The employer should inform its employees of a worker’s resignation. Coworkers can be notified of the resigning employee’s end date. These notices should contain only basic information. A subsequent notice should inform employees of a timeline for replacement of the departing employee and how the new employee will be oriented to the business.
The employer must also ensure that all customers or business contacts are informed of the employee’s departure. This can be done by letter, email, phone or a face-to-face meeting. The employer should give the customer information (name, phone number, email, etc.) as to who their new contact will be. Continuity of contact is essential along with assurances that the employer will continue to serve the needs of the customer.
Any employee who leaves or is discharged from employment should be paid in full all wages or salary earned no later than either:
The final wages of an employee who quits or is discharged shall include any vacation pay or other compensatory time that is owed to the employee by virtue of company policy or labor agreement.
Employers should have departing employees fill out an address update form if the employee.

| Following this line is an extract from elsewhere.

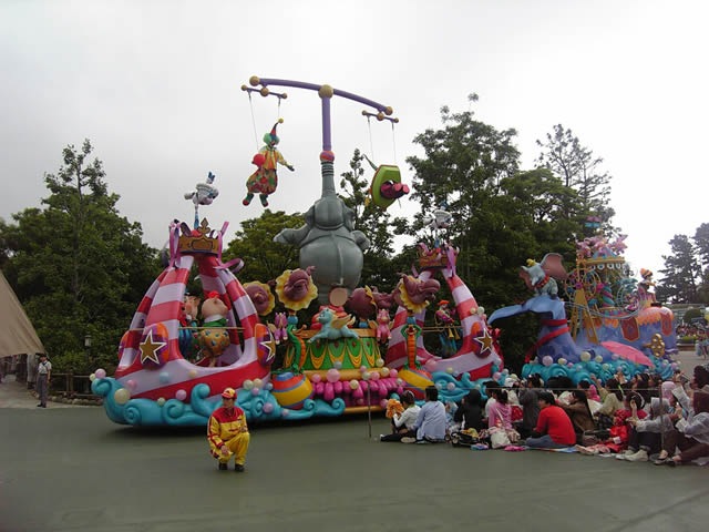 ところが、思ったより時間がかかり、ダンボに乗ってる最中にパレードが始まってしまいました。

Being able to locate the former employees is extremely important for employers when it comes time to send out W-2s.
The Supreme Court has interpreted the Fair Labor Standards Act (FLSA) broadly to protect employees who make oral complaints, not just those making written complaints, when the complaint involves wage and hour violations. Many employment policies have historically required written notice of complaints.

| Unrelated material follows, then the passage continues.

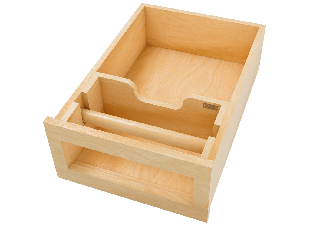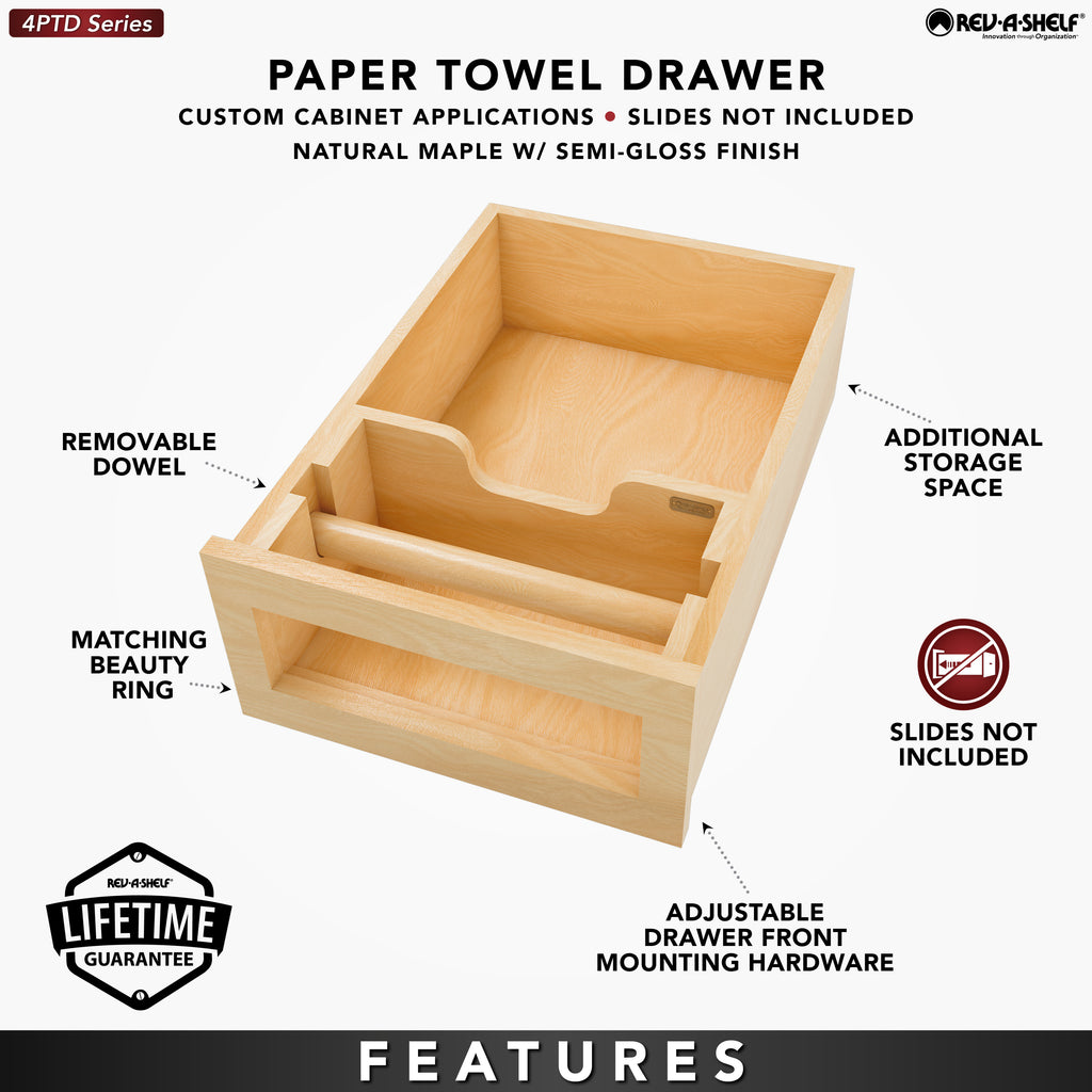 Reduce clutter on your countertops while still enjoying easy access to your paper towels with the 4PTD Series! This innovative drawer system offers ample storage space and a removable dowel for easy refilling.. Included: (1) Wood drawer system, (1) inset beauty ring, (1) removable dowel and adjustable mounting hardware

Following termination, former employees should receive a letter from the Human Resources office that outlines the status of their benefits upon termination. This includes life insurance, health coverage, retirement plan and expense account plans.

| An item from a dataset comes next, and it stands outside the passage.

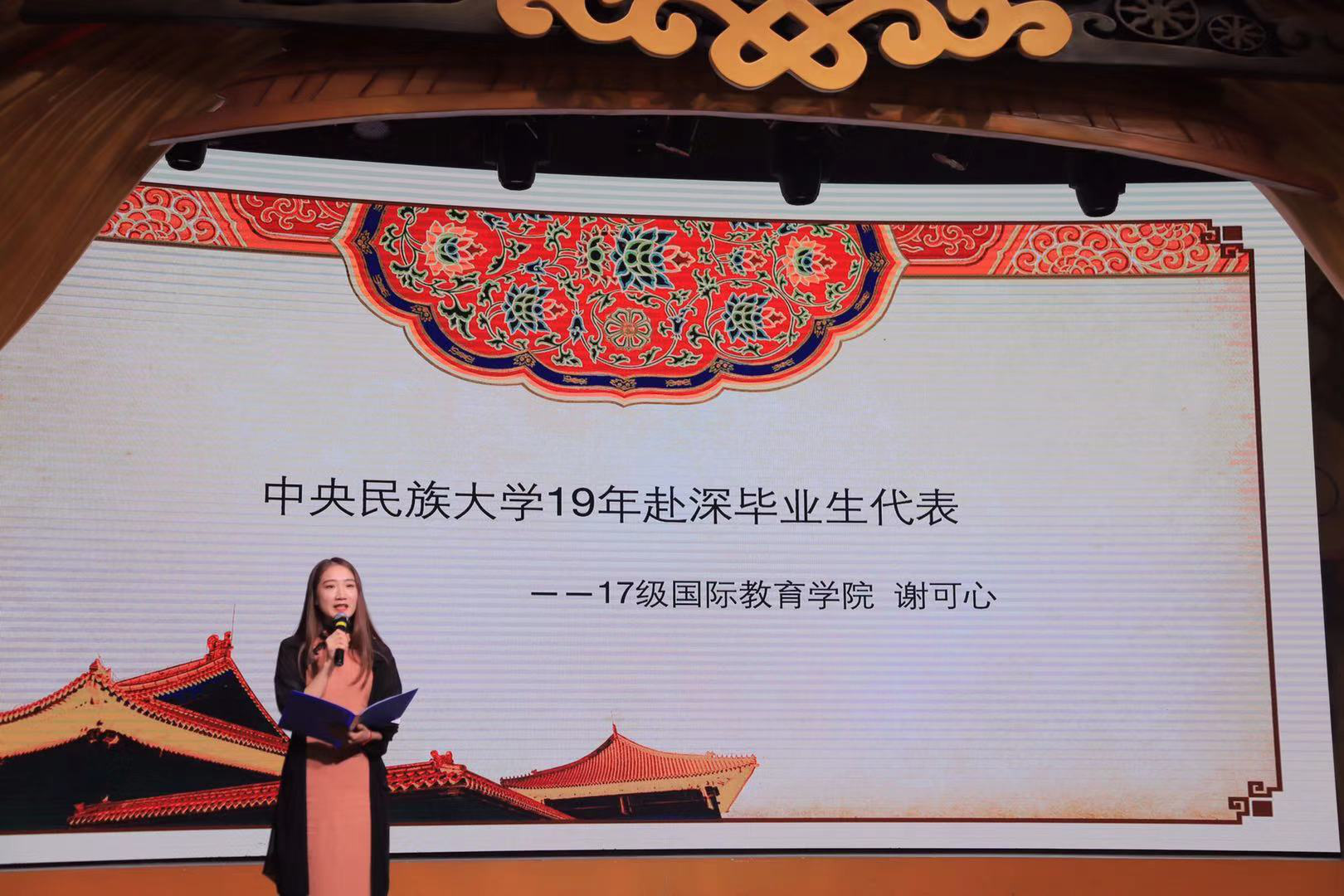 新生代表、2017级汉语国际教育硕士谢可心分享了“感恩、温暖、奋斗”三个词,今年刚毕业的她,成为深圳龙华区的一名小学老师,“本以为自己独在异乡为异客,是民大深圳校友会把我们这些散落在各自岗位的满天星聚成一团火。我不是一个人在孤单前行,因为我身后有一群共同努力的民大人。”

A departing employee may represent a threat that the employer’s trade secrets will be disclosed or misused or that customer relationships will be exploited unfairly. Any confidentiality agreement or noncompete agreement that the exiting employee signed when commencing employment should be reviewed to make certain the employee understands what is expected. Remind the employee that any breach of confidentiality will be addressed.
The employer should also notify its network administrator or other appropriate staff person of the date and time on which to terminate the leaving employee’s access to computer and telephone systems.
Depending on the access methods, the employer should disable the employee’s building entry code, disable the entry swipe card or collect the employee’s keys. It is in both the employer’s and the former employee’s best interest that he or she cannot access any company property.
Exiting employees must be required to turn in all company books, materials, keys, ID badges, computers, credit cards, cellphones and any other company-owned items. Because employers may want to keep the departing employee’s email and phone accounts active for a short period of time after the departure in order to communicate with customers, employees should provide their supervisors with passwords and other information pertaining to accessing computer files and telephone messages.
Perhaps the most efficient way to ensure that all appropriate documentation is included in an employee’s personnel file is to create a checklist of all that needs to be completed when an employee is discharged.
If an employee states their intention to leave their employment, ask them to write a resignation letter that states that they are leaving and their termination date. This letter should go into their personnel file.
Documentation of that an exit interview was conducted should also be kept in the terminated employee’s personnel file. It may also be a good idea to document whether or not a terminated employee returned all company owned property to the employer.